Editorial 34

Intervenção de legitimado extraordinário para a defesa de direitos coletivos (lato sensu) como assistente simples em processo individual


No final de fevereiro de 2008, o STF admitiu a intervenção de um sindicato na qualidade de assistente simples (Sindicato da Indústria do Fumo do Estado de São Paulo – SINDIFUMO), em processo que envolve uma indústria de cigarros, em que se discute a constitucionalidade do Decreto-lei n. 1.593/1977 (RE n. 550.769 QO/RJ, rel. Min. Joaquim Barbosa, 28.2.2008, publicada no Informativo do STF n. 496).

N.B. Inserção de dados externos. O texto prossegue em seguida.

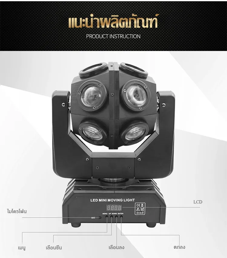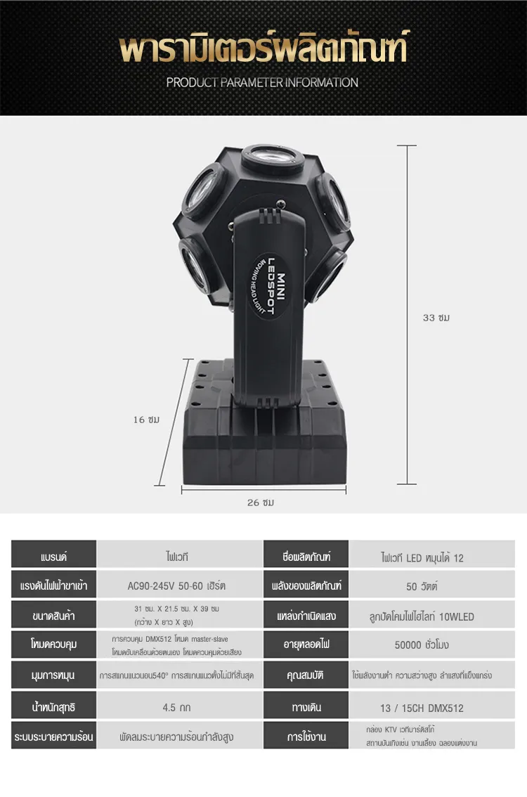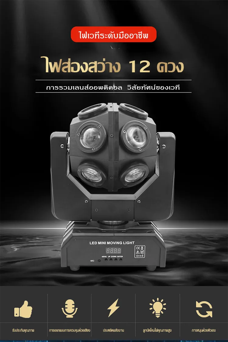 - 12 shake head beam lampsSix advantagesImported lamp beadSeniceasy to useRotationHigh -definition displayRun speedVoltage: AC110-220V 50-60HzLight source: 12*12W four -in -oneTotal power: 200WChannel: 13/15chLevel: Level 540 °Vertical: Vertical rotationNet weight: 4.5kgMao Zhong: 5KGSize: 260*160*350mmControl mode: DMX512, Master Cong, Sound Control,Self-propelled
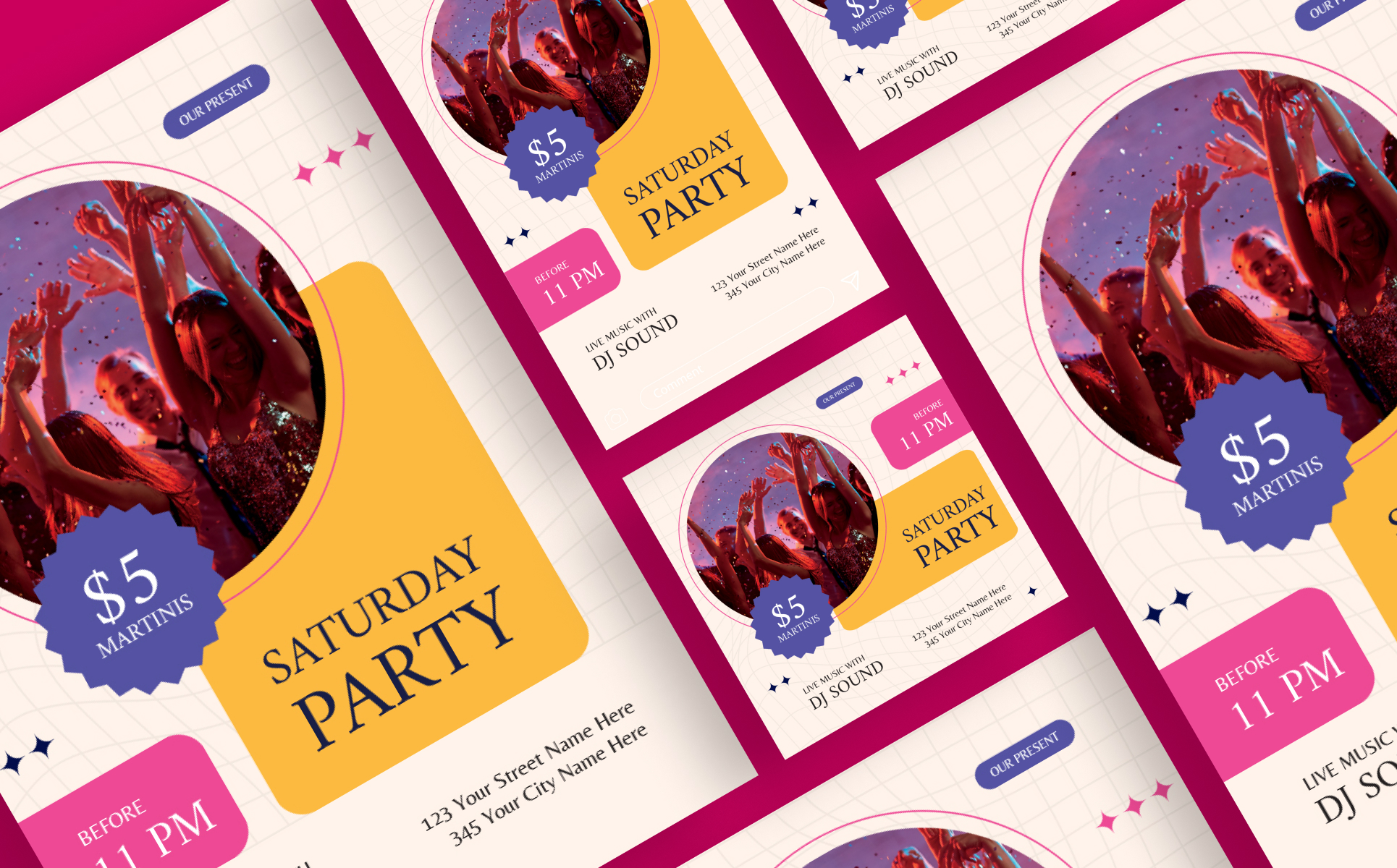 Saturday Party - Single Sided Flyer Template was designed to promote an music party event / celebration party / night party or other advertising purposes.

É certo que o Sindicato não mantém com o assistido uma relação jurídica conexa com a que se discute. Desta forma, inviável a assistência simples, de acordo com o entendimento tradicional sobre o tema, exposto linhas atrás.


Sucede que o STF entendeu que o interesse jurídico que autoriza a assistência simples, no caso mencionado, configurou-se pela constatação de que o julgamento do STF poderia definir a orientação da jurisprudência em torno do tema (constitucionalidade de meios de coerção indireta para o pagamento do tributo, como a interdição de estabelecimento), que serviria para a solução de um número indefinido de casos.


A relação jurídica conexa à relação discutida, aqui, é uma relação jurídica coletiva, pois envolve a proteção de direitos individuais homogêneos, cuja titularidade pertence à coletividade das vítimas [1] (no caso, as indústrias de tabaco).


O julgamento é bem interessante e merece registro.


Admitindo a força vinculativa do precedente judicial, notadamente quando proveniente do STF, o tribunal reconheceu a necessidade de permitir a ampliação do debate em momento anterior à formação da orientação jurisprudencial. Quebra-se, então, um paradigma do processo individual, para ampliar a concepção de interesse jurídico autorizador da assistência simples: em vez de exigir que o assistente simples tenha com o assistido uma relação jurídica vinculada àquela discutida, admitiu-se a assistência em razão da afirmação de existência de uma relação jurídica de direito coletivo (lato sensu).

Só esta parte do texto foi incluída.